On the night of September 5, 2018 a court in Wiesbaden ordered the Region of Hessen to ensure Diesel bans in the five biggest cities in the country’s financial hotspot. By February 2019 all diesel (and petrol Euro 1 and 2)) cars of  Euro4 and lower wil be banned from city centres. By September 2019 Euro5 cars will be added to this list. The court argued that as other regulations or incentives failed to produce any meaningful NOx reduction immediate action was necessary. According to Hessen’s transport minister Klaus Oesterling ” citizens now not only need to deal with the lack of action of the car industry but also of the Federal government.” The decision came after a federal court in Leipzig decided that diesel bans in German cities are allowed: the German NGO Deutsche Umwelthilfe is bringing more than 2000 cities and regions to court on charges of failing to take action to ensure that EU air quality standards are met. According to the German ministry of Environment air quality standards of max. 40 mg of NOx/m3 are  not met in 67 German cities. The city of Stuttgart decided to ban all diesel cars below Euro 4 by  January 2019 in Hamburg these rules will be implemented by May 2018.

In the meantime the European car industry on September 6 2018 sent stark warning to the EU on their sector’s perceived employment crisis if the new 30% CO2 emission reduction and electric vehicle targets become effective in 2020. They feel 20% is a more realistic target. Electric car manufacturing and maintenance is much less labour-intensive and they  have around six times fewer moving parts than conventional cars and 60% fewer spare parts.
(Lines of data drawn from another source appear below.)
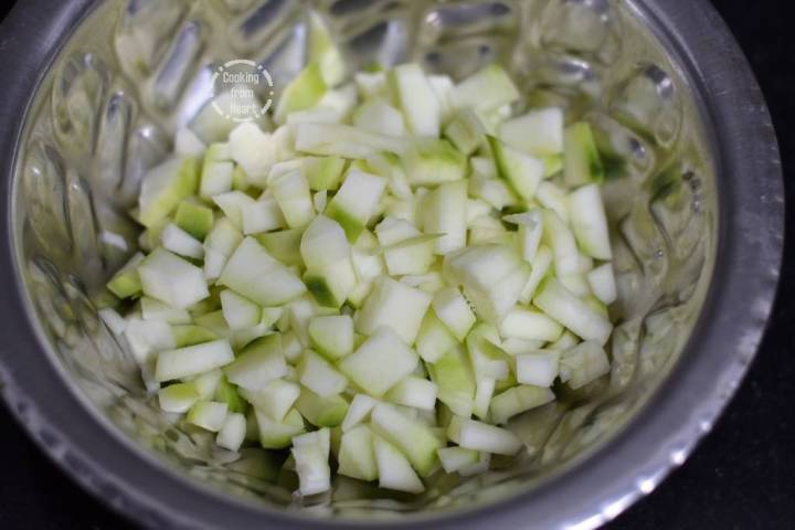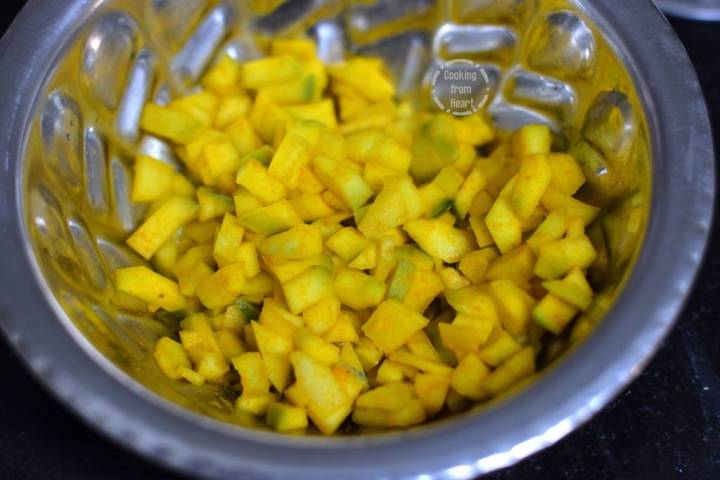 Add ½ cup finely chopped mangoes in a stainless steel/glass bowl. I recommended removing raw mango skin, but it is optional.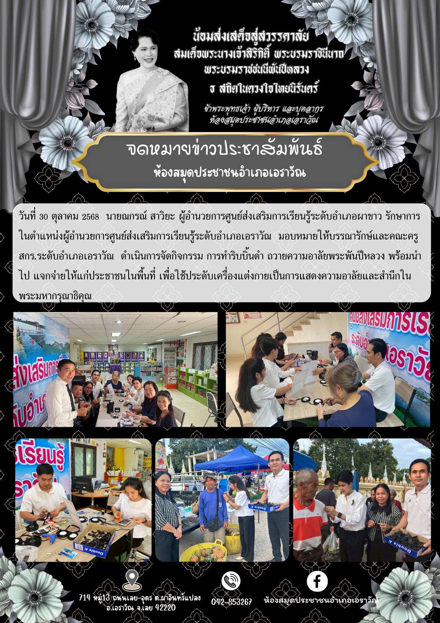 ศกร.ระดับตำบลผาอินทร์แปลง นำนักศึกษาร่วมลงนามถวายความอาลัยสมเด็จพระนางเจ้าสิริกิติ์ พระบรมราชินีนาถ พระบรมราชชนนีพันปี พร้อมร่วมกิจกรรมสอนทำริบบิ้นไว้อาลัย เพื่อแสดงความอาลัย และน้อมรำลึกในพระมหากรุณาธิคุณอันหาที่สุดมิได้ ณ ห้องสมุดประชาชนอำเภอเอราว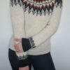 The Mistur Lopapeysa, designed by Rakel – Knitter from Iceland, is a classic Icelandic sweater knitted in Ístex Léttlopi. The pattern is worked in three colors (White, Black, Rust) with body and sleeves knitted in the round before joining for the striking colorwork yoke. Sizes range from XXS to 5XL, with skein requirements adjusted per size. You will need circular needles in 4 mm and 5 mm as well as double-pointed needles. The gauge is 18 sts x 26 rows = 10 cm on 5 mm needles. The sweater has a slim fit and slightly shorter body length, with the option of adjusting for a looser fit. Léttlopi comes in 50 g skeins with 100 m (equivalent to 100 m per 50 g skein), making it lightweight yet warm. The Mistur sweater is perfect for knitters who enjoy stranded knitting and timeless Nordic design.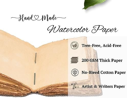 Handcrafted Paper: 200 pages of thick, handmade cotton paper, suitable for all pens and paints. Acid-free, smooth, and no-bleed, perfect for writing, sketching, Watercolors, doodle, and painting, enhancing the creative process for artists and writers.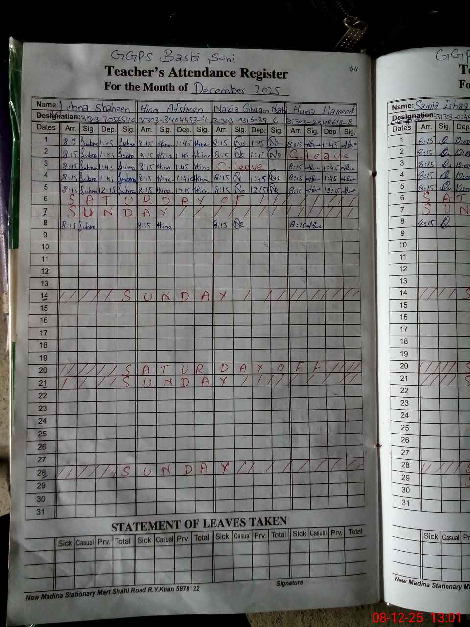| CNIC | Full Name | Designation | R/C | Absence During Last Calender Month |
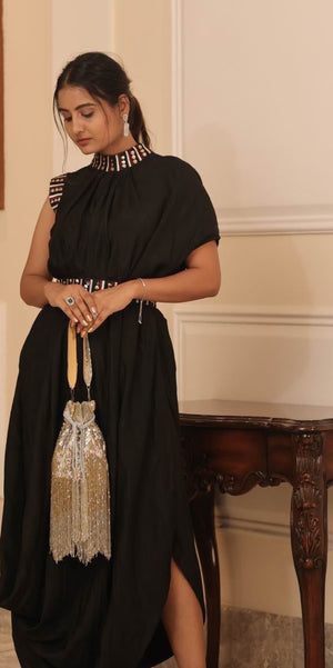 Our Elixir Sequins Fringed Potli Bags are super-hot, year-round! The traditional silhouette with exquisite cutdana handwork and the sequin handle are perfect to add that oomph to your overall look and make a strong style statement, no matter what the occasion.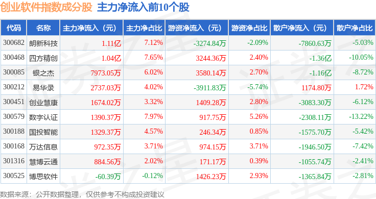 资金流向方面,创业软件(399264)指数成份股当日主力资金净流出合计49.91亿元,游资资金净流入合计12.05亿元,散户资金净流入合计37.85亿元。成份股资金流向详情见下表:

This did not move the EU Parliament who voted on September 10 to reduce carbon dioxide emissions by 45% by 2030 and an interim goal of 15% for 2025 to 20%. It also vowed that the Commission’s target of reducing fleet-wide emissions by 30% was insufficient and plumped instead for 45%, as well as increasing . Since the Commission published its proposal in November 2017, industry groups have railed against the overall CO2 target, as well as over the details of the proposed rules. MEPs also voted to increase sales targets for low and zero emission vehicles to 20% for 2025 and 40% for 2030, as well as introducing a penalty scheme for carmakers that fail to hit those goals, a move welcomed by the European Consumer Organisation.